On May
29, 2008, Narrowstep Inc., a Delaware corporation (“
Narrowstep
” or the
“
Company
”),
entered into an Agreement and Plan of Merger (the “
Merger Agreement
”)
with Onstream Media Corporation, a Florida corporation (“
Onstream
”), Onstream
Merger Corp., a newly formed Delaware corporation and a wholly owned subsidiary
of Onstream (“
Merger
Sub
”) and W. Austin Lewis IV, as stockholder representative for the
Narrowstep stockholders. Pursuant to the terms and subject to the
conditions set forth in the Merger Agreement, Onstream will acquire Narrowstep
by means of a merger of Merger Sub with and into Narrowstep (the “
Merger
”), with
Narrowstep continuing as the surviving corporation and a wholly-owned subsidiary
of Onstream after the Merger (the “
Surviving
Corporation
”).
Pursuant
to the Merger Agreement, at the effectiveness of the Merger (the “
Effective Time
”),
each outstanding share of Narrowstep common stock, par value $0.000001 per share
(“
Company Common
Stock
”), other than shares held by stockholders who have perfected their
appraisal rights under Delaware law, shares held by Onstream and shares held by
any subsidiary of the Company (collectively, the “
Shares to be
Converted
”), will be converted into (i) shares of Onstream common stock,
par value $0.0001 per share (“
Onstream Common
Stock
”) based on an exchange ratio determined as described below and (ii)
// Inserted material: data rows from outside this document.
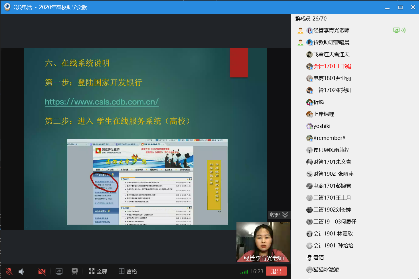 宣讲会上,李老师结合我校实际情况,详细介绍了申请助学贷款必须具备的条件,首贷和续贷的区别,贷款的额度及办理手续、所需材料等相关内容,并对今年助学贷款政策的调整做了详细的解释。此外,她还说明了申请助学贷款需承担哪些违约责任、个人贷款和个人征信等相关事宜,并介绍了国家的助学贷款代偿相关政策。最后,李老师为大家讲解了国开行在线系统的操作方式以及注意事项,并对同学们的疑问耐心解答。
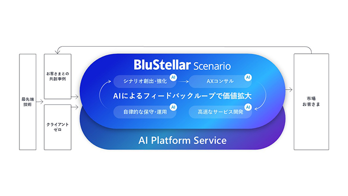 こうした環境の変化を踏まえ、NECは社会とお客さまのAXを支援するため、BluStellarを強化します。お客さまへ提供するシナリオの創出・強化からAXコンサル、高速なサービス開発、自律的な保守・運用といった一連のサイクルにAIを組み込むことで、お客さまの新たな価値創出と価値実現のスピードを向上し、お客さまの経営の深化と競争力の進化を支援します。さらに、NECグループ全体へAXを拡大することで、全国規模でのAXを加速していきます。
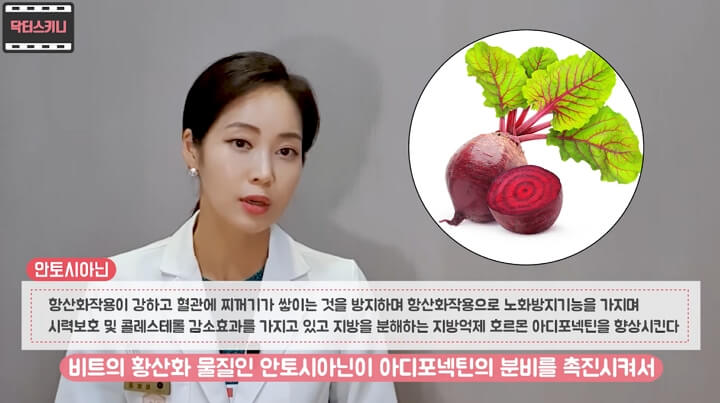 비트의 항산화 물질인 안토시아닌이 아디포넥틴의 분비를 촉진시켜서 지방의 분해를 촉진 시켜 줍니다.
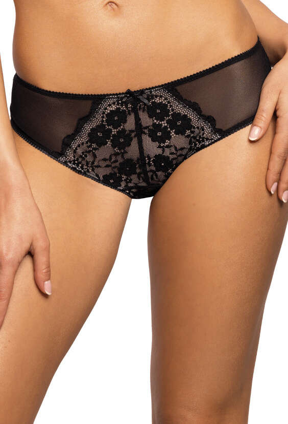 Zjawiskowe figi Niki stworzone z myślą o Paniach ceniących sobie komfort i elegancję noszonej bielizny. Figi  wykonane z ażurowej koronki i siateczki elastycznej. Klinek bawełniany. Skład surowcowy: 81% poliamid, 14% elastan, 5% bawełna.
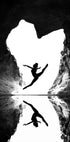 Questa sorprendente opera d'arte in bianco e nero mostra una ballerina che salta con grazia all'interno di una grotta a forma di cuore, con il suo riflesso riflesso nell'acqua immobile. La silhouette drammatica unisce danza, natura e romanticismo e crea una potente espressione visiva di passione, eleganza e bellezza artistica senza tempo.
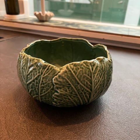 Bordallo Pinheiro porcelænsskål på fod i hvid. Skålen er rund med bølget kant og står på en massiv fod dekoreret med figurer og reliefmønstre. Fremstillet i Portugal. Velegnet som frugtskål, serveringsskål eller dekorationsskål i hjemmet. Målebilleder viser omtrentlige mål for højde og diameter.
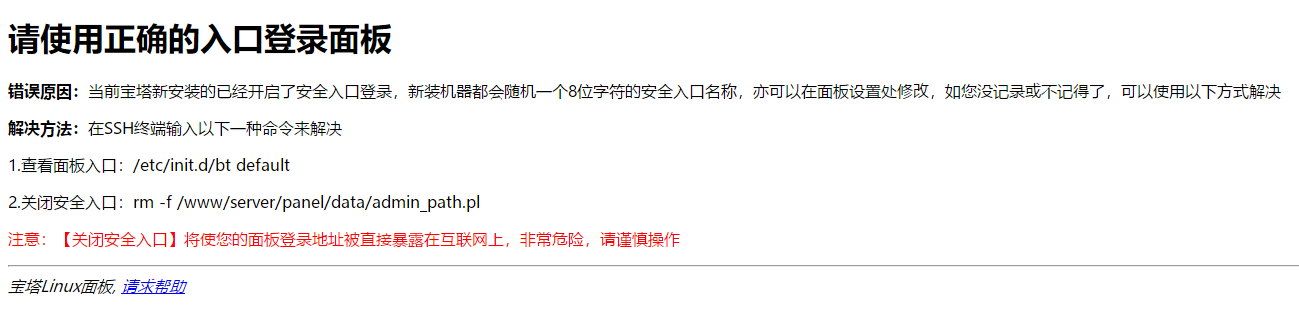 错误原因:当前宝塔新安装的已经开启了安全入口登录,新装机器都会随机一个8位字符的安全入口名称,亦可以在面板设置处修改,如您没记录或不记得了,可以使用以下方式解决
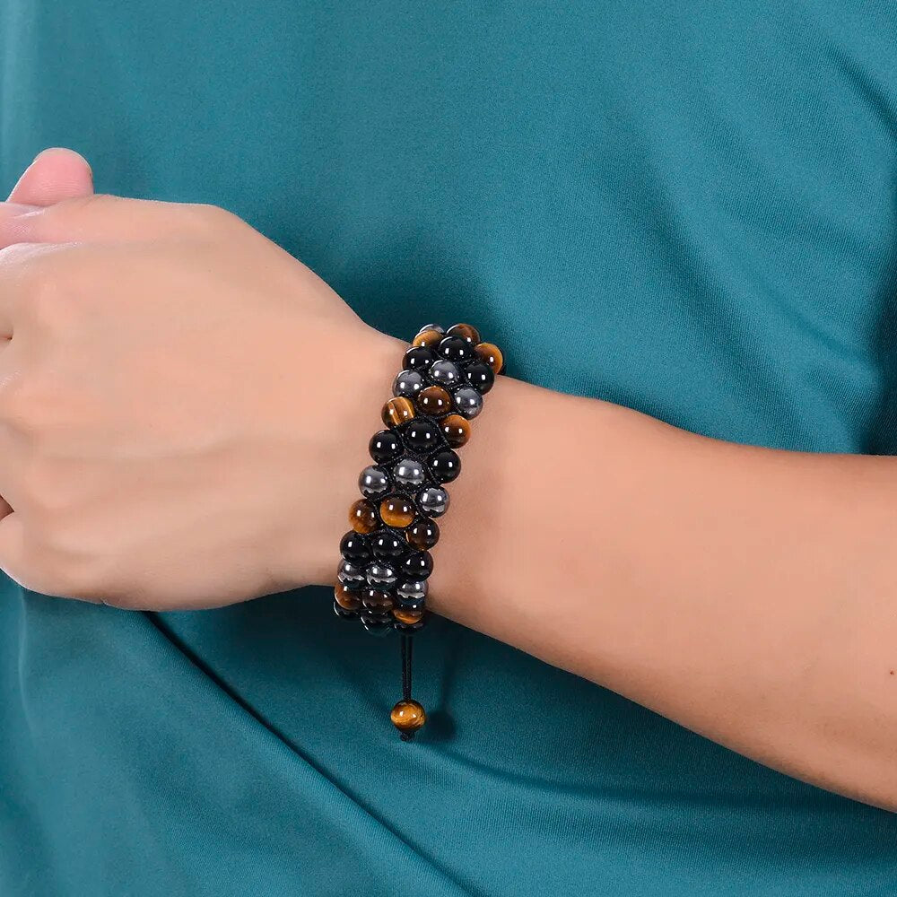Les perles en Œil de Tigre apportent courage et protection, tandis que l'hématite favorise la stabilité émotionnelle et l'onyx noir offre une barrière contre les énergies négatives. Ensemble, ces pierres naturelles créent une aura de confiance et de sécurité.

one contingent value right (a “
Contingent Value
Right
”) having terms and conditions described below. Onstream
Common Stock and Contingent Value Rights issued in respect of Narrowstep Common
Stock subject to certain restricted stock awards will be subject to any vesting
conditions contained in such awards.
The
aggregate number of shares of Onstream Common Stock issuable in the Merger in
exchange for the Shares to be Converted will be the greater of (i) the sum of
(A) two (2) times Annualized Company Revenue (as defined in the Merger
Agreement) and (B) the greater of (1) the amount of the Company’s cash and cash
equivalents immediately prior to the Effective Time and (2) 1,500,000 and (ii)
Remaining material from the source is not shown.